The Bushy Run Research Center (1984) exposed female Wistar rats to the vapour of 50% glutaraldehyde for 6 hours. The mean measured concentration was 4.9 ppm. No mortality was observed. The Mellon Institute (1964) exposed female Carworth Farms-Elias albino rats to the vapour of 45% glutaraldehyde for 8 hours. The concentration tested was 12.58 mg/L. No mortality was observed. Carnegie-Mellon Institute of Research (1977) exposed Wistar rats (sex unknown) to the saturated vapour of 25% glutaraldehyde for 8 hours (no information on concentration in air). The test was performed under static and dynamic conditions. In both tests no mortality was observed. Uetmitsu et al. (1976) exposed male and female Sprague-Dawley rats to a vapour of 25% glutaraldehyde for a maximum of 180 minutes. The concentration tested was 20 ppm (0.083 mg/L). The inhalation time resulting in 50% mortality was about 60 and 86 minutes for male and female rats, respectively.

Mouse: vapour

Zussi et al. (1994) exposed male Swiss mice to a vapour of 25% glutaraldehyde for 60 minutes. At 2.6 ppm a 50% decrease in respiratory rate was observed. Uemitsu et al. (1976) exposed male and female ICR mice to a vapour of 25% glutaraldehyde for a maximum of 120 minutes. The concentration tested was 20 ppm (0.083 mg/L). The inhalation time resulting in 50% mortality was about 51 and 94 minutes for male and female mice, respectively. Varpela et al (1971) exposed 10 male NMRi mice per group to 2% glutaraldehyde for 24 hours at concentrations of 33 and 133 µg/L. One case of mortality was seen at 33 µg/L. No other mortalities were observed.

Conclusion

Based on the available data it can be assumed that mortality after inhalation is predominantly caused by aerosol and not by vapour: the different inhalation hazard test shows that glutaraldehyde vapor is not the toxic component in glutaraldehyde atmosphere. Therefore, the study with the lowest observed LD50 after aerosol exposure has been selected as key.


Justification for selection of acute toxicity – oral endpoint
Several studies investigating the acute oral toxicity of glutaraldehyde are available.

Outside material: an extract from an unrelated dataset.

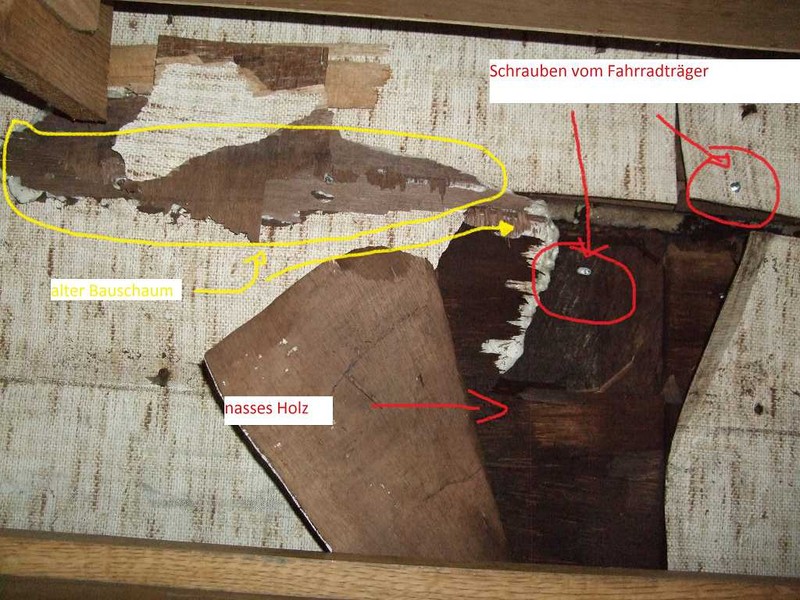 Hallo zusammen, bin neu hier! Bin seit 1 Monat Besitzer eines Fiat Ducato Hymer Eriba Camp 55, Baujahr 1985. flotter 92PS Austauschmotor tuckert im Inneren. Während unseres ersten Urlaubs mit dem Womo in Griechenland (war wunderschön, wir sind seit 7 Tagen zurück) hatten wir einmal duzchgehend 3 Tage schwere Stürme mit viel Regen, dabei ist uns aufgefallen, dass an der Unterseite des rechten Fensterrahmens an einer Stelle (sehr wenig) und an zwei Stellen an der Unterseite des hinteren Fensterrahmens (etwas mehr) Wasser reindrückt (siehe auch Fotos). Hat jemand Erfahrungen damit und kann mir sagen, wie ich das am besten in den Griff kriege. Bin totaler Womo Neuling. Muss ich einfach den Gummi nur reinigen oder gleich auswechseln? Oder von aussen abdichten? Das grössere Problem ist, dass unter der Theke an der Rückseite (siehe Fotos) ein wohl schon seit längere Zeit vorhandener Wasserschaden ist. Es schein, als ob durch die Schrauben des Fahrradträgers Wasser nach innen drückt (siehe Fotos). Der Vorbesitzer hat da auch schon mit Bauschaum gebastelt. Wie würdet ihr vorgehen? Ich möchte gerne erstmal nur mit so wenig Aufwand wie möglich ran: Fahrradträger abbauen, die Löcher dicht und dann versuchen das ganz über den Winter trocken zu kriegen. Denkt ihr das ist machbar? Und wie groos ist der Aufwand die hintere Theke auszubauen (falls ich doch "richtig" ran will)? Und ist hier irgendwer aus dem Raum Freiburg, mit dem man sich vielleicht sogar mal treffen könnte, um Tips und Hilfe vor Ort zu kriegen? Ich bin über jegliche Hilfe und Anregung sehr dankbar. Nimm am besten kontakt mit Turbo Kurtla auf,der ist der absolute Fachmann und kann Dir am ehesten helfen. Arno Tag Zuerst sollten mal Bilder von innen und außen hier reingestellt werden, dann kann man was dazu sagen. Kurt danke für antworten. ich bin noch nicht lange genug mitglied, um fotos einzustellen. das andere forum in dem ich den gleichen beitrag mit bildern habe darf ich namentlich nicht erwähnen. werde mal schauen ob cih irgendwo noch bilder hochladen kann. Turbo Kurtla: was für bilder bräuchtest du denn am besten, um das ganze zu beurteilen? so jetzt klappts auch mit fotos. falls noch mehr gebraucht werden mach ich gerne! ![]() ![]() bisher wurde mir wegen den fenster empfohlen, diese komplett auszubauen (also die Fensterrahmen), dann mit Dekalin abzudichten. Kann ich den Wasserschaden unter der Theke erstmal "minimal-invasiv" behandeln? Ich dachte, ich kann evtl. den Fahrradträger abbauen, von aussen abdichten und versuchen das Gedönse innen zu trocknen. Würde das klappen, oder sollte ich eher die Theke innen wegnauen, um richtig ranzukommen. Wie kompiziert ist der der Abbau der Theke, mit kühlschrank Herd und allem drum und dran? Hier noch ein Bild von aussen: ![]() Moin Also um so nen Schaden zumindest mal grob einschätzen zu können braucht es mehr wie solche Detailbilder. Wie nasses Holz ausschaut weiß ich, aber ich weiß nicht wie es drumrum ausschaut oder wo das Wasser herkommt. Ohne diese "Theke" gesehen zu haben kann da keiner was dazu sagen. O.K., eins ist klar. Wenn man es anständig machen will, muss man auch überall gut hinkommen. Also muss alles weg. Außen ists ähnlich, Du zeigst hier ein Detailbild der unteren Trägerhalterung. Man sieht zwar, dass da jemand schon mal was dran gemacht hat, aber warum und woher. Keine Ahnung. Innen: Zumindest ein Bild, auf dem man die komplette innere Aufteilung sieht. Noch besser wäre zur Ursachenforschung, wenn die Wand freiliegt ( muss eh ab ), also ohne Dekor, und man den Wasserverlauf sieht. Außen : Ein Bild, auf dem das ganze Heck mit allen Anbauteilen zu sehen ist. Wasser kommt von oben also muss man sehen was da dran ist. Kurt Danke Kurt! 1. Ich habe heute erfahren, dass der Fahrradträger irgendwann in den 90zigern mal abgerissen war. Wie, weiss ich nicht. Daher wohl auch das Gebastle mit dem Bauschaum. 2. Ich habe noch ein Foto von der Rückseite im Ganzen gemacht + ein Foto der Küchenzeile an der Rückseite, an der der Wasserschaden ist. Vielleicht kann mir ja jemand sagen wie aufwendig es ist so was auszubauen, da ich mit Technik nicht der Stärkste bin. Soweit ich es im Moment einsehen kann, kommt die Feuchtigkeit direkt von den Fahrradständerschrauben, darüber is kein Wasser ersichtlich. Kannst du mir sagen, ob die in einem anderen Forum vorgeschlagene Lösung zum meinen Problem mit den Fenstern sinnvoll ist (Fenster ausbauen, Rahmen abdichten)? Oder benötigt es dazu ebenfalls noch genauere Bilder. Falls ja, mach ich gerne. ![]() ![]() Was trinkst Du gerne? Hol es und lies. Also, die Fenster scheinen "nur" über die Außendichtung undicht zu sein. Gibt's neue Außendichtungen einzeln, sonst Fenster ausbauen und mit Dekalin neu eindichten. Keine Ahnung wie? Hersteller oder Fensterhersteller anrufen! HINTEN? Ja, da ist wohl Arbeit angesagt, aber keine Angst. Die Küchenzeile hat innen Plastikabdeckungen, darunter sind Schrauben, vorher Gas schließen! Nun Schrauben rausdrehen und schon hast Du den Küchenblock in der Hand. ALLES was nun beim klopfen nicht nach Echo, sondern stumpf anhört mit einem Tapeziermesser großflächig rausschneiden. besser etwas mehr. Bis nur noch trockenes da ist. Holz nass, ersetzen, großflächig. Zwischenräume mit Sterodur, genau, füllen. neue Innenwand ankleben oder schrauben. Klar, dazwischen mit Lüfter trocknen! Aufwand: 2 WE, Kosten: 40-50 €. Rolf Noch ne Frage: Sind die Ecken des Unterbodens hinten rechts und links weich ? Schau sie aber genau an, nicht das da schon mal ne Platte drauf gemacht wurde. Und, was sind das hinten für Punkte über dem braunen Streifen ? Ist da ne ne Leiste dran die den Übergang Dachblech/Heck abdeckt ? Ich seh nix. Kurt Schönene Dank nochmals for alle dir mir hier helfen wollen. Zu Kurts Fragen: 1. Die Ecken des Unterbodens sind für mich schwer zugänglich, da in der linken Ecke der Kühlschrank und in der rechten Eck das Bad sitzt. So weit ich dort tasten konnte, s

The lowest observed LD50 value from a study following guidelines has been chosen as key.

Justification for selection of acute toxicity – inhalation endpoint
Based on the available data it can be assumed that mortality after inhalation is predominantly caused by aerosol and not by vapour: the different inhalation hazard test shows that glutaraldehyde vapor is not the toxic component in glutaraldehyde atmosphere. Therefore the study with the lowest observed LD50 after aerosol exposure has been selected as key.

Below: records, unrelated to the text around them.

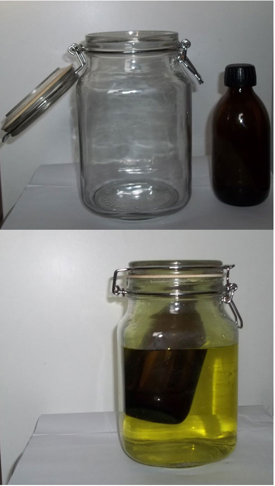 V láhvi PET pro hotový koncentrát je 1/2 l destilované vody do které se při reakci vstřebává plyn oxyd chloričitý. Z láhve pro hotový koncentrát s destilovanou vodou, vymáčkneme částečně vzduch a láhev s hadičkou ve víčku těsně uzavřeme.
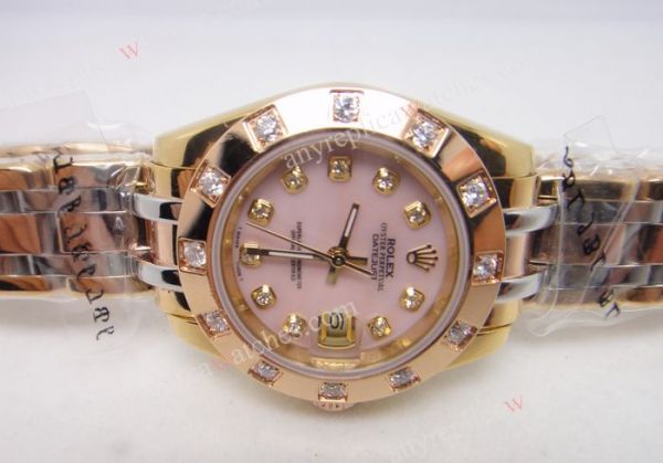 This Is A Beautiful Replica Rolex Pearlmaster Tripple Tone Pink Mother-Of-Pearl Dial Ladies Watch
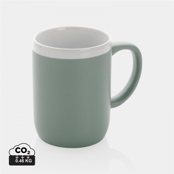 Keramický hrnček s bielym lemom. Matná vonkajšia, lesklá vnútorná časť. Vhodné do umývačky riadu s odolnosťou až 125 umývacích cyklov pre akúkoľvek dekoračnú techniku (v súlade s EN12875-1). Balené v darčekovej krabičke. Objem: 300ml.
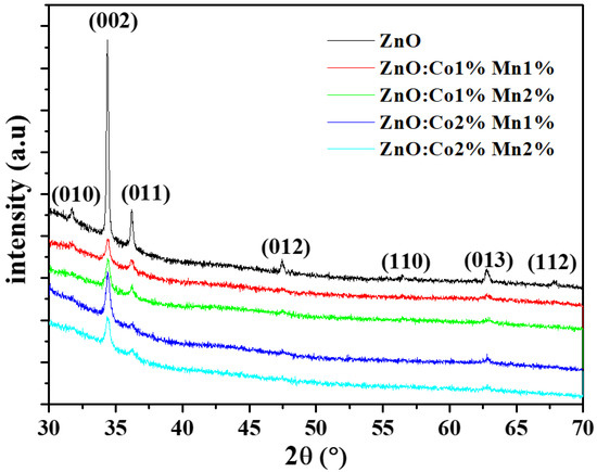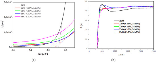 - Abdullahi, S.S.; Köseoğlu, Y.; Güner, S.; Kazan, S.; Kocaman, B.; Ndikilar, C.E. Synthesis and characterization of Mn and Co co-doped ZnO nanoparticles. Superlattices Microstruct. 2015, 83, 342–352. [Google Scholar] [CrossRef]
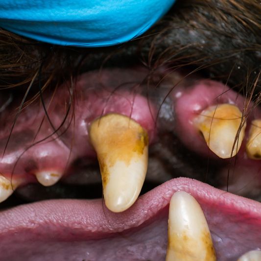 Dental health is a very important part of your pet's overall health. Periodontal disease can cause bad breath, tooth and gum infections, and pain. If left untreated it can affect the kidneys, liver and heart. Your pet's teeth and gums should be checked at least once per year; or sooner if you notice any of the following symptoms: bad breath, loose or broken teeth, yellow or tartar covered teeth, excessive drooling or salivating, or pain in or around the mouth. Most pets develop some dental disease by the age of three.
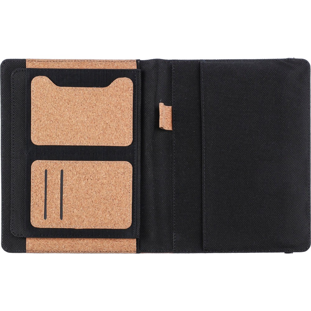 A5-ös parafa mappa belső zsebekkel, rugalmas zárópánttal, tolltartó hurokkal és kivehető A5-ös jegyzetfüzettel, amely 192 vonalas, újrahasznosított papírlapot tartalmaz (70 g/m2). Selyempapír csomagolásban. Emblémázás: Tamponnyomás
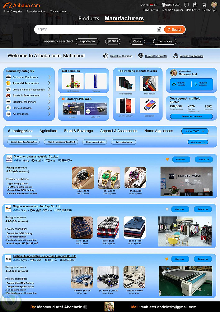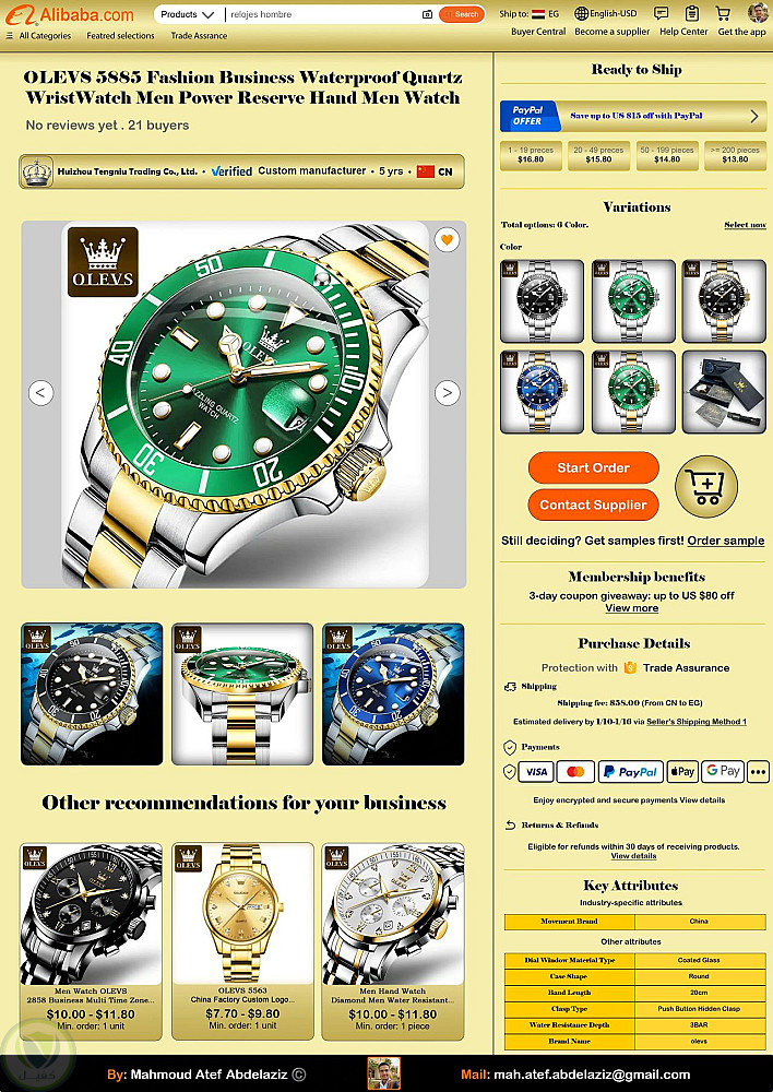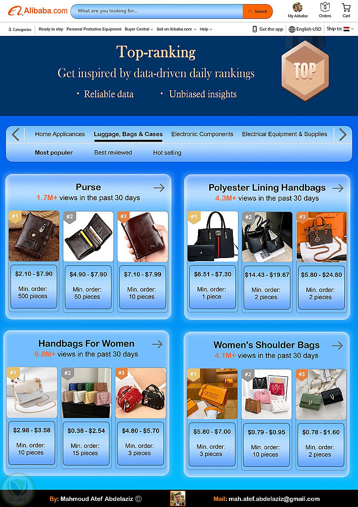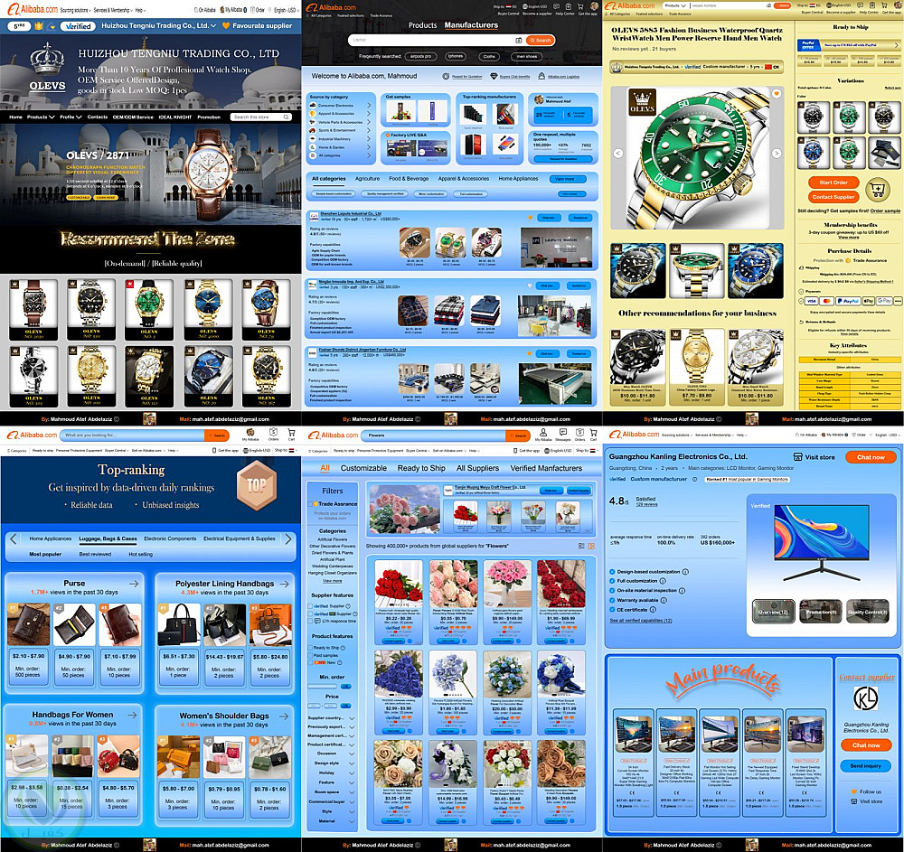 يتضمن المشروع تجميع وتحليل واجهات مستخدم لعدة متاجر وصفحات منتجات من موقع Alibaba.com، حيث قمت بتصميم لوحة شاملة تحتوي على لقطات واقعية ومتنوعة للمنتجات الأكثر شيوعًا، مثل الساعات، الحقائب، الزهور الصناعية، والإلكترونيات. يهدف المشروع إلى:

Justification for selection of acute toxicity – dermal endpoint
As the current guidelines require testing under semiocclusive conditions, the results of the study testing under occlusive conditions are less reliable. Therefore, the study by WIL Research has been selected as key.

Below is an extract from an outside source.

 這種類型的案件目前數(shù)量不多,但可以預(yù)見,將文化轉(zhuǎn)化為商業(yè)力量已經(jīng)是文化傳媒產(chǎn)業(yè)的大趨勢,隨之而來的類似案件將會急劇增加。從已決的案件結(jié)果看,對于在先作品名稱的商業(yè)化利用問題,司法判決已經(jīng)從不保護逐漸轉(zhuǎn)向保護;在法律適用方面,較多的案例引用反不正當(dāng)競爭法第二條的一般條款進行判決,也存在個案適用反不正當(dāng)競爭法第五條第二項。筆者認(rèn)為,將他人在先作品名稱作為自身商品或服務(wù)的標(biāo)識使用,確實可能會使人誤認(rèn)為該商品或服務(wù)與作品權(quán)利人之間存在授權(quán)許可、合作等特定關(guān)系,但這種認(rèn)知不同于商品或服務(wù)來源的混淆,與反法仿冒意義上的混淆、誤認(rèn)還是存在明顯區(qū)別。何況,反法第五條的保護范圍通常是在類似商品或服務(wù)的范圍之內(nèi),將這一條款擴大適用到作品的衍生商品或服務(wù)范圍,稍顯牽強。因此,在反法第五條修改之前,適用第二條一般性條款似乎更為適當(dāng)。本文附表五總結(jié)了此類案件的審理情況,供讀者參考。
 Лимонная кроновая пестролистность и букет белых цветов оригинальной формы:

Justification for classification or non-classification

Glutaraldehyde 50% aqueous solution is acute toxic when applied orally or by inhalation; in case of dermal contact, the main effect of glutaraldehyde is due to its corrosiveness, whereas systemic toxicity due to percutaneous absorption of the substance only plays a secondary role. According to Annex VI of EU Classification, Labelling and Packaging of Substances and Mixtures (CLP) Regulation (EC) No. 1272/2008 and based on the available data, glutaraldehyde has to be classified as Acute Tox 3: H301: Toxic if swallowed and Acute Tox 2: H330: Fatal if inhaled.